The club’s name was of relatively recent invention: it was Henry Fairlie in the Spectator who had coined the term to describe the invisible nexus of power that controls our lives. Soho was the perfect place for an anti-Establishment headquarters – exotic, sybaritic, unconventional, crooked, late to bed, a place the real Establishment found difficult to control. This in itself presented a handicap, though, for a young man who on the face of it politely epitomised the real Establishment and its vulnerable good manners. There were people who would need to be paid off, people watching and waiting to see what was afoot, like cautious jackals keeping one eye on the approach of a very confident-looking giraffe to the waterhole. Mr Lubowski didn’t know what to make of the cool, elegant boy who wished to negotiate a lease on his premises, and so kept ‘discovering’ new conditions in the lease that would hike the price up. Peter, unfazed, paid these tiny demands in a manner which signified that they meant little to him, and not at all that he was too apprehensive to protest.

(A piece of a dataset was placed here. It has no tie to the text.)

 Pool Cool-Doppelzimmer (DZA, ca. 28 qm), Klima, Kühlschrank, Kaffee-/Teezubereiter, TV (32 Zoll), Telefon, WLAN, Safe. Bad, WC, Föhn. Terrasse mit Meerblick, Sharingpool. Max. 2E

In fact, raising a huge sum of money with which to start work proved no problem at all. Peter simply let it be known that he was starting a London club. One year’s membership would cost three guineas – or two guineas if paid in advance – and life membership would cost a mere twenty guineas. Invitations were sent out to the famous a
nd influential, just in case the news had slipped them by. Within a matter of weeks 7,000 people had taken out membership, including Graham Greene, J. B. Priestley, Yehudi Menuhin, Ben Travers, Lord Russell of Liverpool, Sir Isaiah Berlin, Somerset Maugham, Lionel Bart, Brian Rix and an unnamed bishop. Life members, as many of the 7,000 were, received a free pin-up of Harold Macmillan. All this in August when the Establishment was just a ruined strip joint. Virtually the only money Peter had to pay out in advance was the premium of a £50,000 insurance policy against libel damages.

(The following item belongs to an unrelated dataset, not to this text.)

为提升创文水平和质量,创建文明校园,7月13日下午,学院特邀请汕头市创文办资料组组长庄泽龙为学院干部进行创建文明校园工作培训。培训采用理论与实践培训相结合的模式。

His first appointment was Sean Kenny, designer of the Fringe, who gutted the whole place and rebuilt it using pine, hessian, steel, glass and black paint. The outside of the building was pink. ‘No plush’, noted The Observer wonderingly, ‘and nothing Caribbean.’2 A restaurant was installed, and the chef from the Mermaid Theatre lured away. The menu would feature the latest trendy middle-class dishes, such as paté and creme caramel. Peter hired his own flatmate Colin Bell as Head of Publicity. He also took on a personal secretary – Judy Scott-Fox, a jolly, oversized, upper-class woman with a hooting laugh that can clearly be heard on every Beyond the Fringe recording. Lewis Morley, the Fringe photographer, was given the first floor to open a photographic studio, and Sean Kenny started up a design studio on the floor above that. Art exhibitions were planned, along with a cinema club showing free films every afternoon, ‘including the Marx Brothers, Rudolf Valentino and Adolf Hitler’. A ticker-tape machine was installed, together with a library of newspapers and journals, and a programme of informal but serious lunchtime discussion sessionswas arranged, so that members could mull over the issues of the day. An advertising slogan was devised: ‘If you can’t join them, beat them.’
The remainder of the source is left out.